Research Project: Sustainable Crop Production and Wildland Preservation through the Management, Systematics, and Conservation of a Diversity of Bees

Location: Pollinating Insect-Biology, Management, Systematics Research

Title: Phylogenomic dating and Bayesian biogeography illuminate an antitropical pattern for eucerine bees

Author
item FREITAS, FELIPE - Universidade De Sao Paulo
item Branstetter, Michael
item CASALI, DANIEL - Universidade Federal De Minas Gerais
item AGUIAR, ANTONIA - University Of Brasilia
item Griswold, Terry
item ALMEIDA, EDUARDO - Universidade De Sao Paulo

Submitted to: Journal of Biogeography
Publication Type: Peer Reviewed Journal
Publication Acceptance Date: 3/4/2022
Publication Date: 4/5/2022
Citation: Freitas, F.V., Branstetter, M.G., Casali, D.M., Aguiar, A.J., Griswold, T.L., Almeida, E.A. 2022. Phylogenomic dating and Bayesian biogeography illuminate an antitropical pattern for eucerine bees. Journal of Biogeography. 49(6):1034-1047. https://doi.org/10.1111/jbi.14359.
DOI: https://doi.org/10.1111/jbi.14359

Interpretive Summary: Phylogenomic dating and Bayesian biogeography illuminate the history of eucerine bees (Hymenoptera: Apidae): Eucerinae is a diverse group of bees with over 1,200 species that belongs to the same family (Apidae) as the well-known honey bee and bumble bees. Eucerinae includes many bees that specialize on just one type of plants. While many kinds of plants and animals are most diverse in tropical parts of the world, Eucerinae is found primarily in open, temperate regions. Using a recently published family tree of the group combined with fossils of known age and novel methods of analysis, the age and movement of Eucerinae were inferred. The results show that the group originated in southern South America during the Paleocene and expanded its range northward and outward as global climate cooled and open vegetation habitats expanded. Times of lower sea level also contributed to expansion of the group. This study represents the first comprehensive analysis of biogeographic patterns for Eucerinae. It also discusses important methods to analyze large molecular data.

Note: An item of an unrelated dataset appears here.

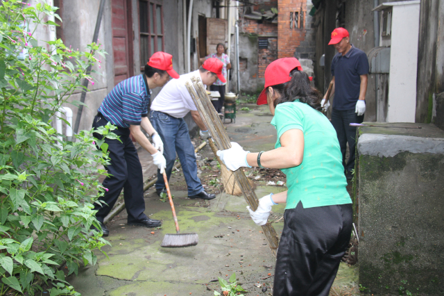 宜昌市司法局机关干警与学院街社区工作人员一起开展环境整治
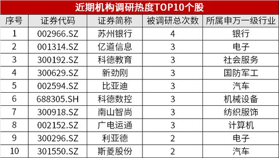 近一周从机构调研数据来看,机械设备、电子、计算机、电力设备、汽车等板块调研热度居前。近一周调研次数居前的个股包括:苏州银行、亿道信息、科德教育、新劲刚等。

Technical Abstract: Aim. We estimate divergence times and biogeographic history for eucerine bees, a large taxon (>1200 spp.) that likely diversified in association with the formation of the modern neotropical flora. We investigate how geological changes in the New World as well as the paleovegetational setting of South America influenced the evolution of eucerine bees. Location. All continents except Antarctica and Australia. Taxon. Eucerine bees (Hymenoptera: Apidae: Eucerinae). Methods. Using a published UCE data set, multiple fossil calibration points, and the Bayesian program MCMCTree, we carried out phylogenomic dating under two different clock models and using multiple strategies to vary matrix composition. We then reconstructed the biogeographic history of eucerine bees using a Bayesian implementation of the Dispersal Extinction Cladogenesis (DEC) model. Results. Eucerinae is estimated to have started its diversification during the Paleogene, with all of its tribes originating during the Paleocene/Eocene transition. We found no evidence that varying the amount of molecular data in analyses influences diverge time estimation. Biogeographic reconstructions highlight the importance of southern South America in the history of eucerine bees. Our results also provide evidence for at least two range expansions into North America (Eocene and Early Miocene). Main conclusions. The early diversification of Eucerinae is intimately associated with southern South America, with periods of dry and cooler climates probably influencing the colonization of other regions by eucerine bees. The multiple instances of range expansion out of SA before the full closure of the Isthmus of Panama were probably associated with expansion of open vegetation habitats. Additionally, we show that most of the uncertainty in divergence time estimation is associated with fossil calibration and uncertainty in molecular data, instead of the amount of molecular data being used.